Casa Francisco is the third album by Brazilian band Francisco, el Hombre, released on 21 October 2021. It is their first album with bassist Helena Papini.

The album was created during a period of isolation of the members in a yellow house (the Sítio Romã, roughly translated as "Pomegranate Ranch") in Araçoiaba da Serra, and part of its production was streamed as in a reality show throughout October 2021. The idea was turning the production process into a "anti-spectacle". The band considers it "the most Francisco, el Hombre album of all", hence the inclusion of a reference to their name in the title.

The quintet compared it with their first album La Pachanga!, seeing it as more "mature" and saying that their debut was about announcing that they were "setting off to the world" and Casa Francisco was about announcing their return to home.

Background and promotion 
The album came after a period in which members invested in solo projects (Sebastianismos, by Sebastián Piracés-Ugarte; Lazúli, by Juliana Strassacapa; and Baby, by Mateo Piracés-Ugarte).
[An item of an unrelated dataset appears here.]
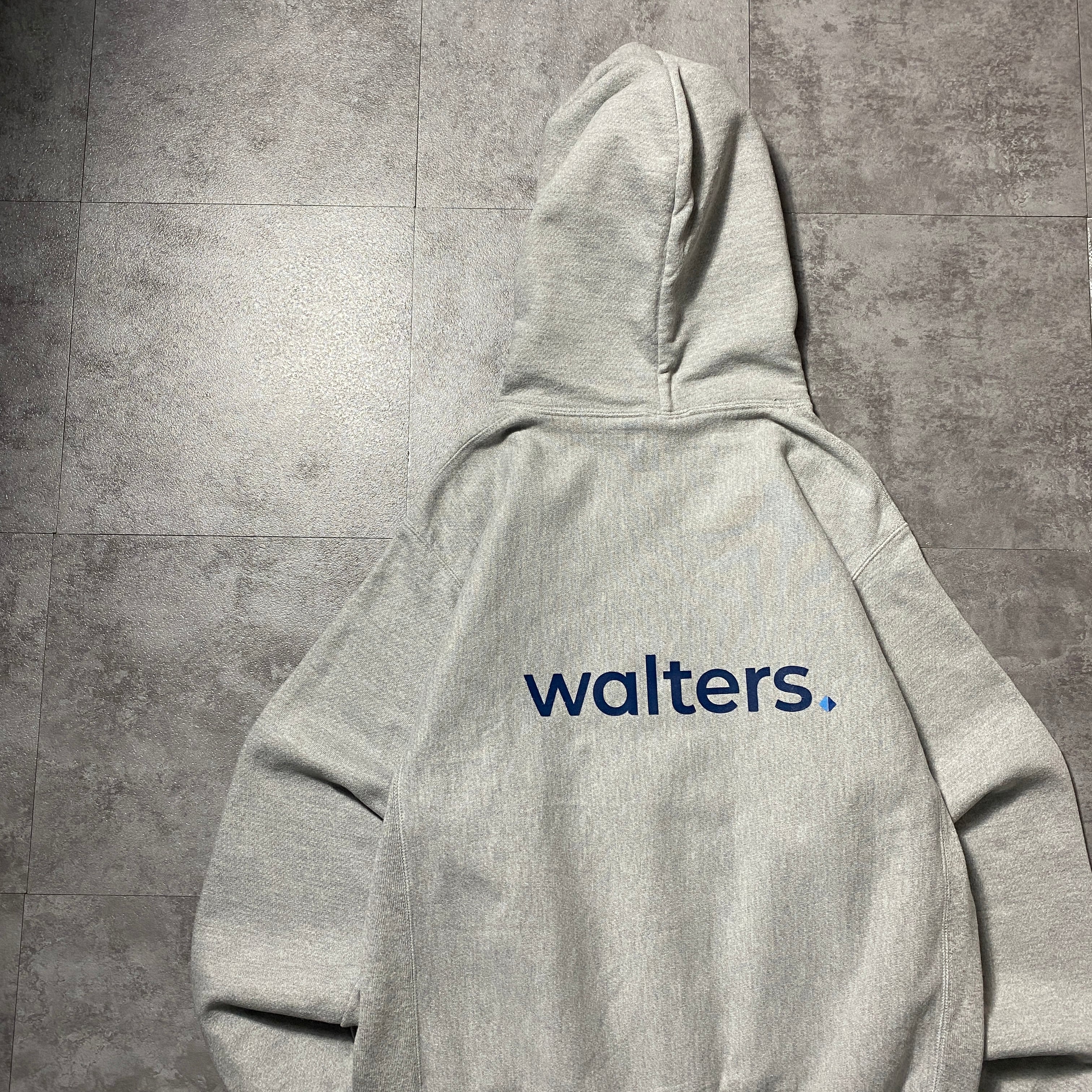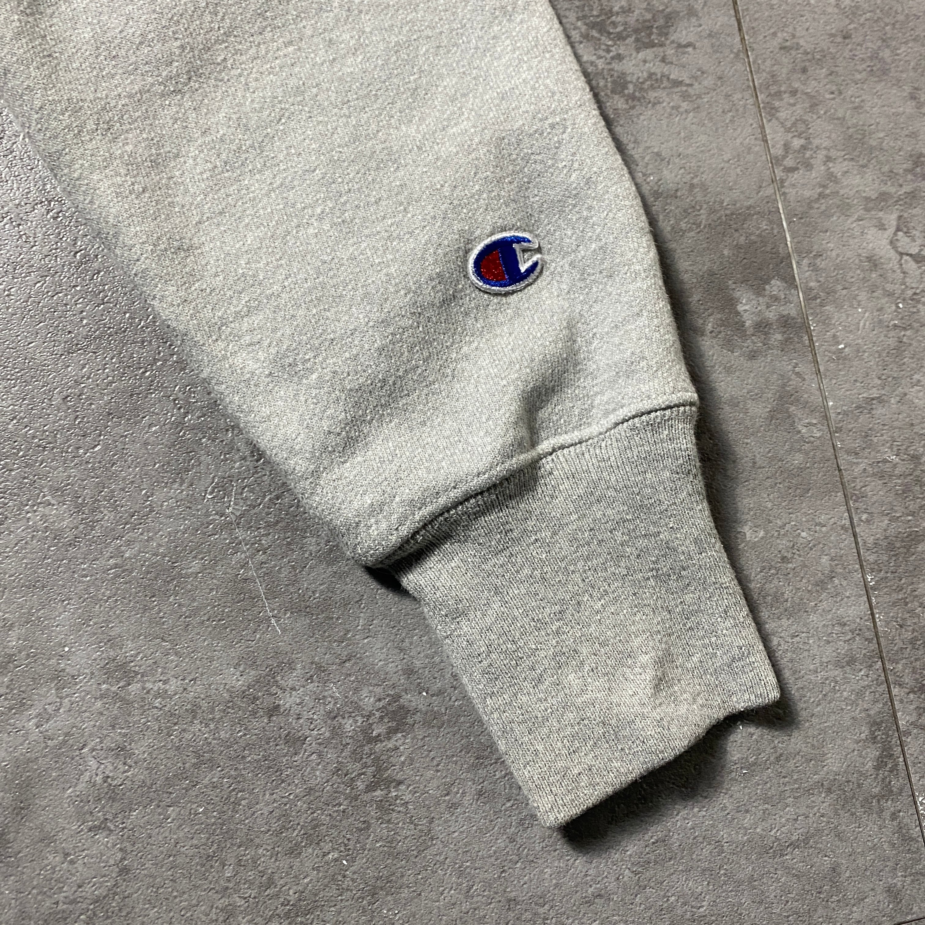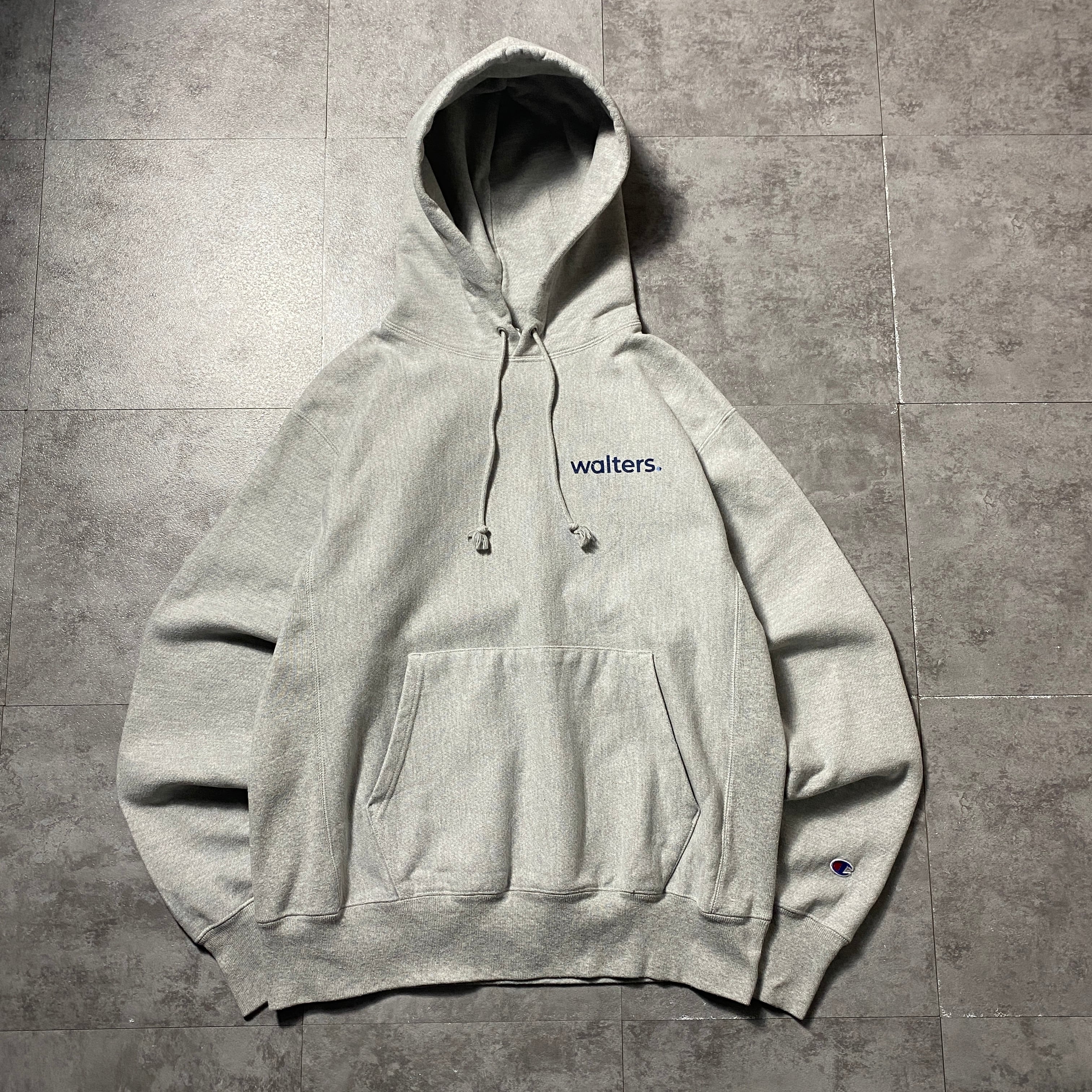00's Champion チャンピオン プレミアムリバースウィーブ バックプリント 企業ロゴ グレー スウェット パーカー

Part of the songs had already been written for some time, but the group wouldn't feel ready to release them; a total of 50-60 songs were created.

The effort was financed with help from a grant by the São Paulo City Hall.

The first single to be released was "Nada Conterá a Primavera", which mixes rhythms of salsa, mambo and Latin jazz and references MST. The second single, "Olha a Chuva", came out on 30 September, featuring Dona Onete. The song was written in five minutes in an otherwise unproductive day in which a sudden rain caused the band to rush to take their clothes off the washing line. The idea of inviting Dona Onete came from the fact that she was born in Marajó Island, in which it rains every day.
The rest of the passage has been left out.